MATERIAL SUPPLIED =>

# # #

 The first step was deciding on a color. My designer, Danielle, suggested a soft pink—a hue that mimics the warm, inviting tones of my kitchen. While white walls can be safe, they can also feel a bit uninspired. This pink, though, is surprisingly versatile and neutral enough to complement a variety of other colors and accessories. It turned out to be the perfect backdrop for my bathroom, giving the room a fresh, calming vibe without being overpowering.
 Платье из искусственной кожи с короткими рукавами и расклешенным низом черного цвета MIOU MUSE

# # #

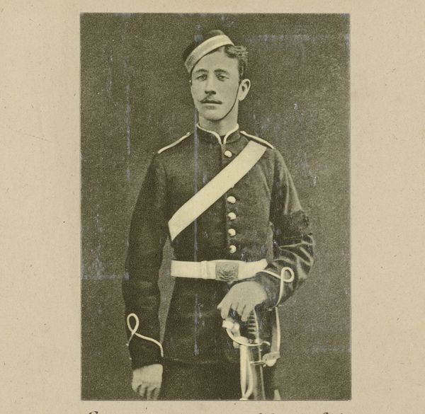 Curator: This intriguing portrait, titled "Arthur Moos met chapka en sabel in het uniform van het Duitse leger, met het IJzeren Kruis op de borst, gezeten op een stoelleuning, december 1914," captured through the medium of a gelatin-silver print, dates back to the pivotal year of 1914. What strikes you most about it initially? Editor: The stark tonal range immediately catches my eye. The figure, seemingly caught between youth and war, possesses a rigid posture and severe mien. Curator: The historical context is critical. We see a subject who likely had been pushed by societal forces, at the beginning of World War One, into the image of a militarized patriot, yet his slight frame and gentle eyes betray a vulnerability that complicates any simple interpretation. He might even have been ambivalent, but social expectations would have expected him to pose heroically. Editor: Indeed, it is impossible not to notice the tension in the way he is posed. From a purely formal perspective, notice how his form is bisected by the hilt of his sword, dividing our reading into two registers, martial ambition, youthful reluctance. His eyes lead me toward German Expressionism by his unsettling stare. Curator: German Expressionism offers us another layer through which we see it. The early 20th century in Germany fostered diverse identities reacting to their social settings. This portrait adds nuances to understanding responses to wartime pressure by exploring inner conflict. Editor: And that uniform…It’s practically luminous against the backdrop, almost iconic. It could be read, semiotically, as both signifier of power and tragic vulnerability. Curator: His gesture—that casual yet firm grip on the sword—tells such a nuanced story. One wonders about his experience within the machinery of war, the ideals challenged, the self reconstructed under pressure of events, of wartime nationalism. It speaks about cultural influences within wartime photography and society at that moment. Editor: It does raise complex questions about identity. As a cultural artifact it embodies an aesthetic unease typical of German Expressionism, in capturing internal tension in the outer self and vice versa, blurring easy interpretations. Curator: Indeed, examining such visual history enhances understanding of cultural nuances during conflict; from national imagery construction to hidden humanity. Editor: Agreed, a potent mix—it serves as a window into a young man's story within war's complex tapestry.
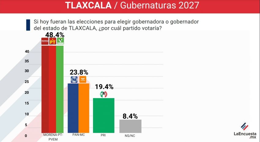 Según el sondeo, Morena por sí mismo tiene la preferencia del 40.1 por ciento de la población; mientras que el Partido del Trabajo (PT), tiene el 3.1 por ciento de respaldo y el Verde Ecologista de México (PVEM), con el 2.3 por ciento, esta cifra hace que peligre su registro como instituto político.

# # #

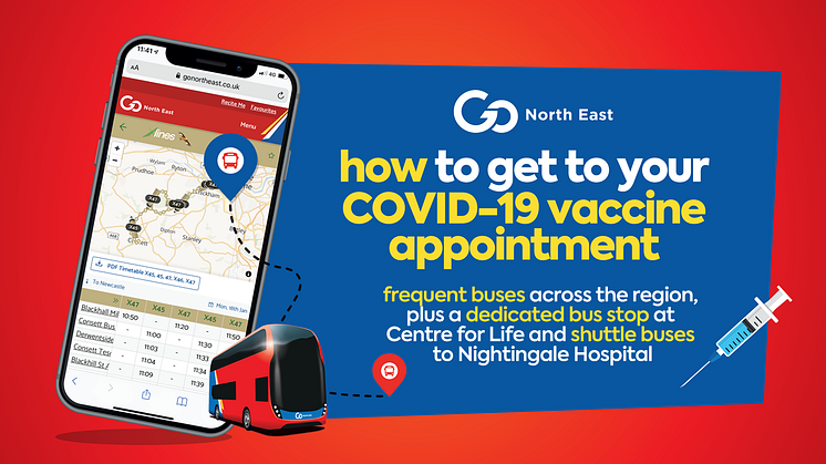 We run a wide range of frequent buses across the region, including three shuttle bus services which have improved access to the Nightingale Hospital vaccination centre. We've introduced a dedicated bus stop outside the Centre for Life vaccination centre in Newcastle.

# # #

EXERCISE DESCRIPTION =>
Only the lines above from the one with "The first step" up to and including the one with "Платье из искусственной" should be repeated, exactly as written.

WRITTEN SOLUTION =>
 The first step was deciding on a color. My designer, Danielle, suggested a soft pink—a hue that mimics the warm, inviting tones of my kitchen. While white walls can be safe, they can also feel a bit uninspired. This pink, though, is surprisingly versatile and neutral enough to complement a variety of other colors and accessories. It turned out to be the perfect backdrop for my bathroom, giving the room a fresh, calming vibe without being overpowering.
 Платье из искусственной кожи с короткими рукавами и расклешенным низом черного цвета MIOU MUSE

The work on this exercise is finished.